*** ENTRIES SHOWN Section Begins ***

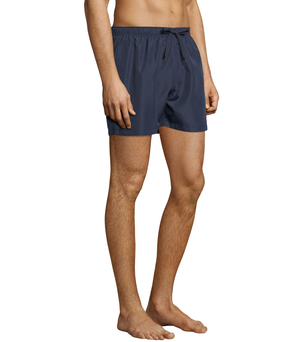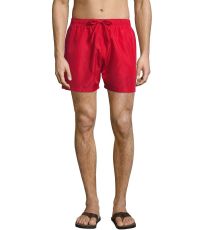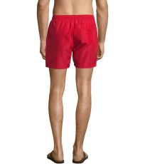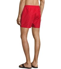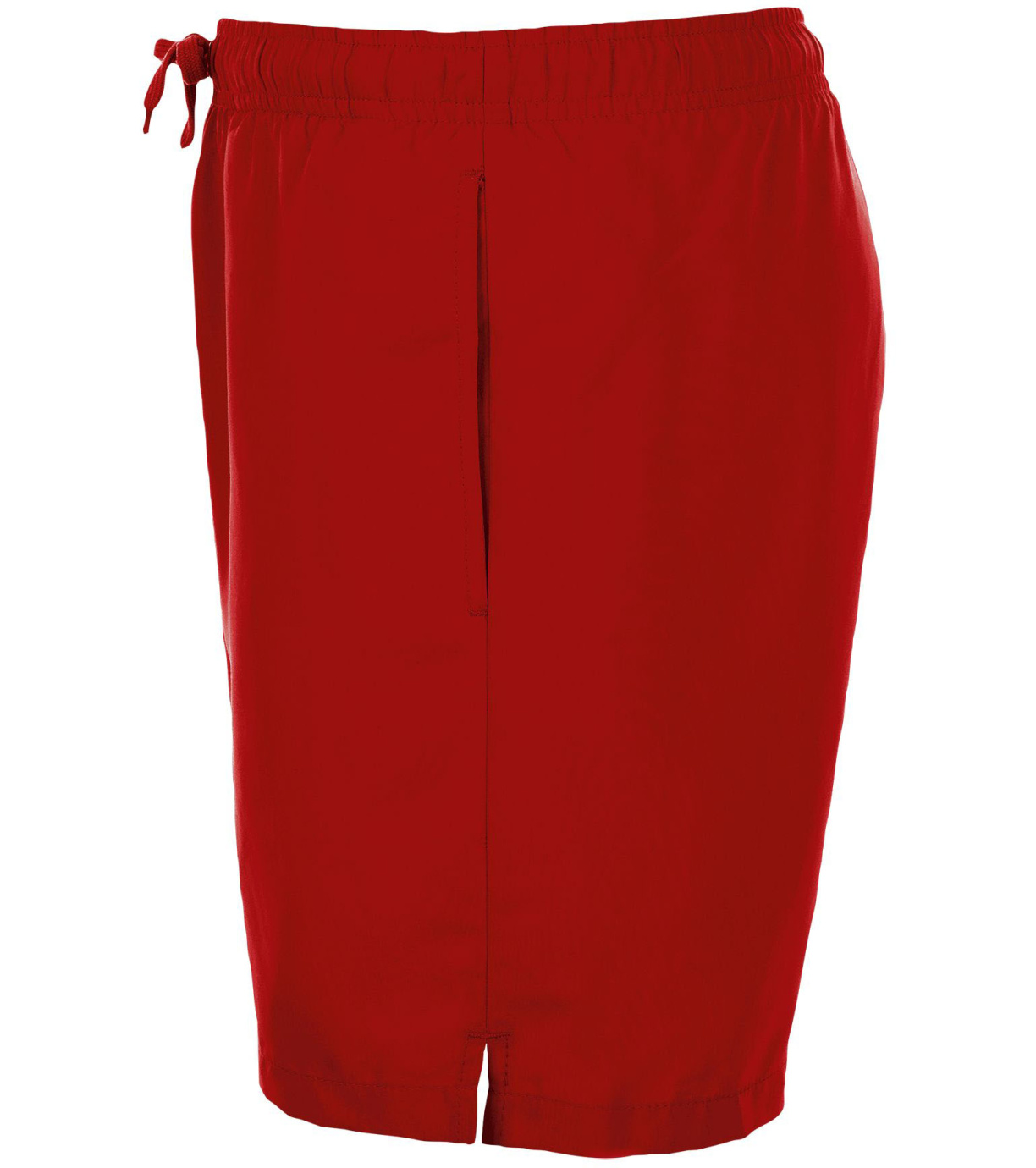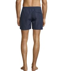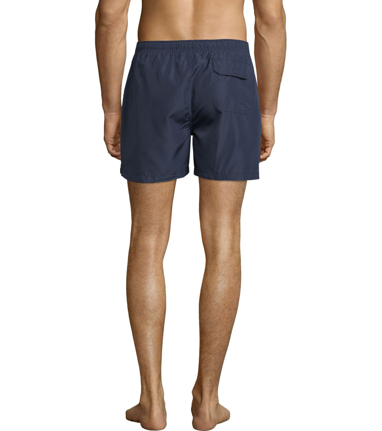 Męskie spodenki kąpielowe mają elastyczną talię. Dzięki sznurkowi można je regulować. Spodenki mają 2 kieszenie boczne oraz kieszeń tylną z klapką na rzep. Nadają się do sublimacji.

*** ENTRIES SHOWN Section Ends ***
*** ENTRIES SHOWN Section Begins ***

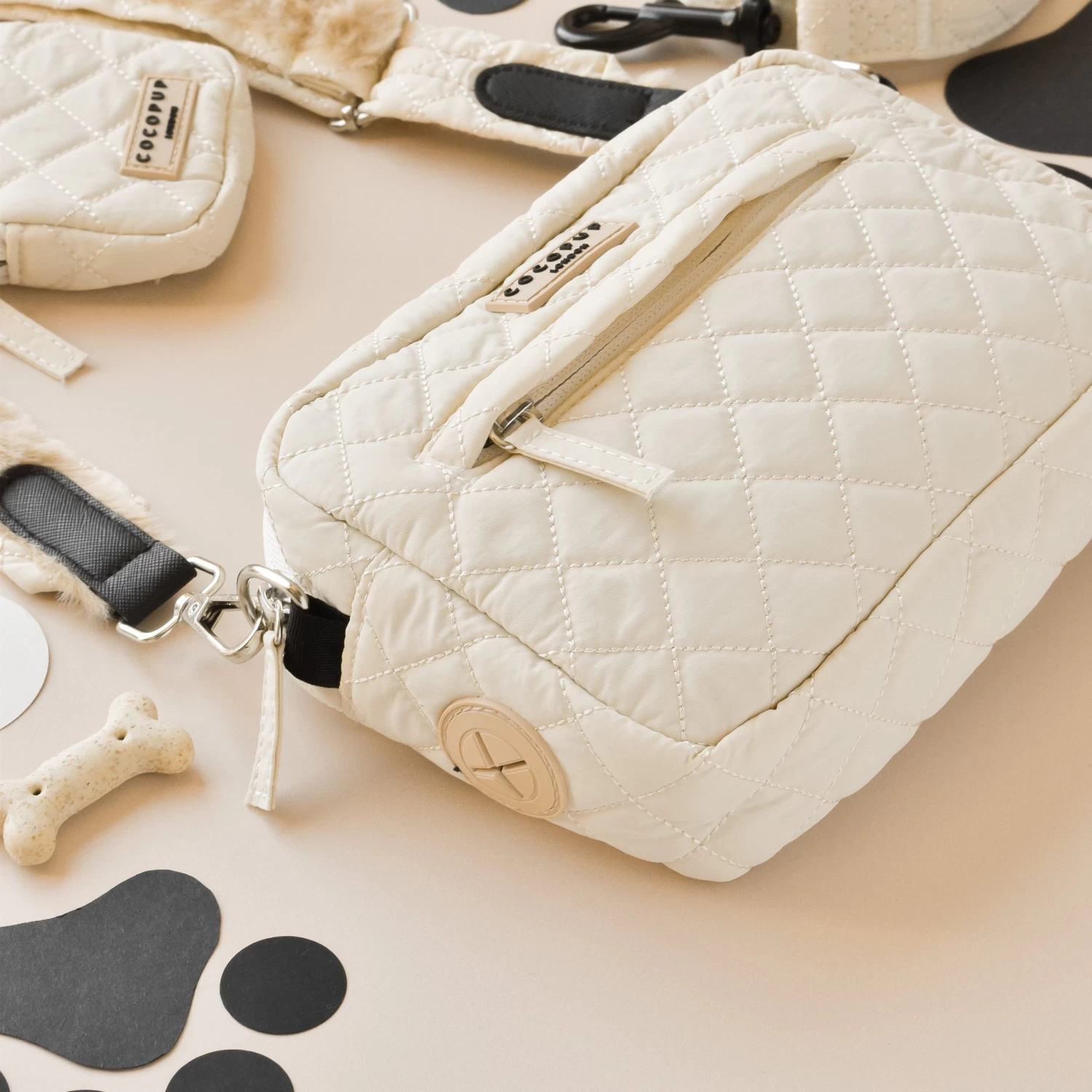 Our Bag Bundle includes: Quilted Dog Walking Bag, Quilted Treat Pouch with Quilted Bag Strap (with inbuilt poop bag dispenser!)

*** ENTRIES SHOWN Section Ends ***
*** ENTRIES SHOWN Section Begins ***

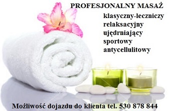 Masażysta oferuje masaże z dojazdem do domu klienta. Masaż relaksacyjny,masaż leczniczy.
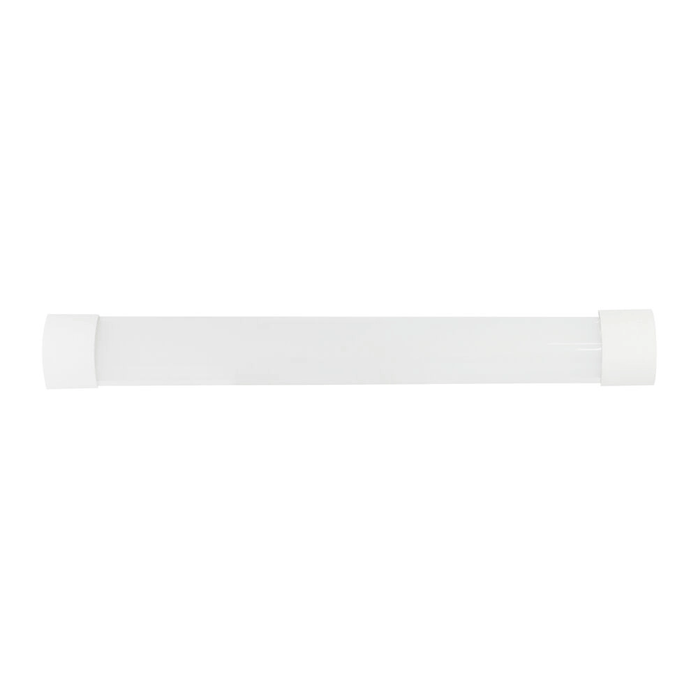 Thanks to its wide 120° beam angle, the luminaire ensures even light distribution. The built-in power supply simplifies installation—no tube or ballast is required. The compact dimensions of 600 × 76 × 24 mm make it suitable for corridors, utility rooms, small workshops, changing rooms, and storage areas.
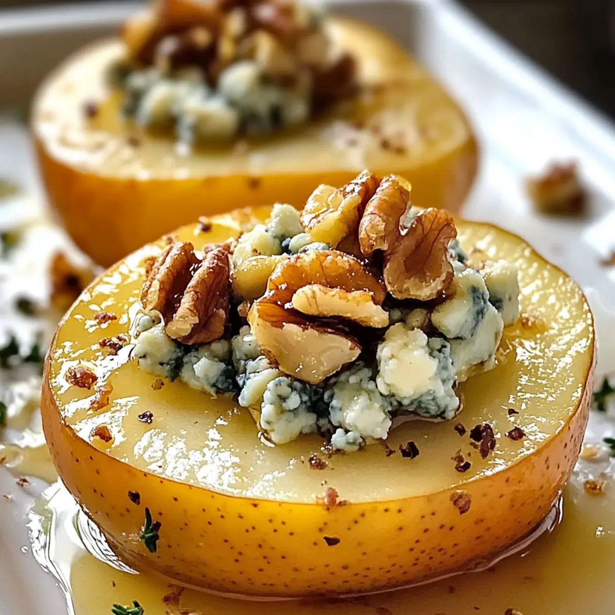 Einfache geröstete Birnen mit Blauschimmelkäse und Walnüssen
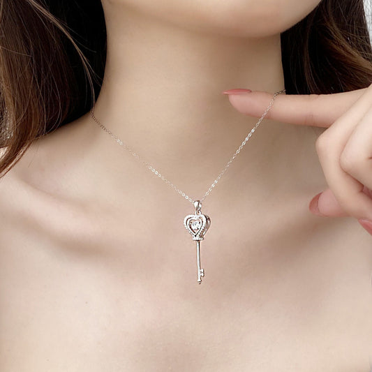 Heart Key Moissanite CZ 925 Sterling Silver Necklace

*** ENTRIES SHOWN Section Ends ***

▸ WHAT THE TASK ASKS
Excerpt from the records above: set down only the lines from the one that contains "Einfache geröstete Birnen" through the one that contains "Heart Key Moissanite", inclusive, word for word. Pictures stay out.

▸ ANSWER FOR THE TASK
 Einfache geröstete Birnen mit Blauschimmelkäse und Walnüssen
 Heart Key Moissanite CZ 925 Sterling Silver Necklace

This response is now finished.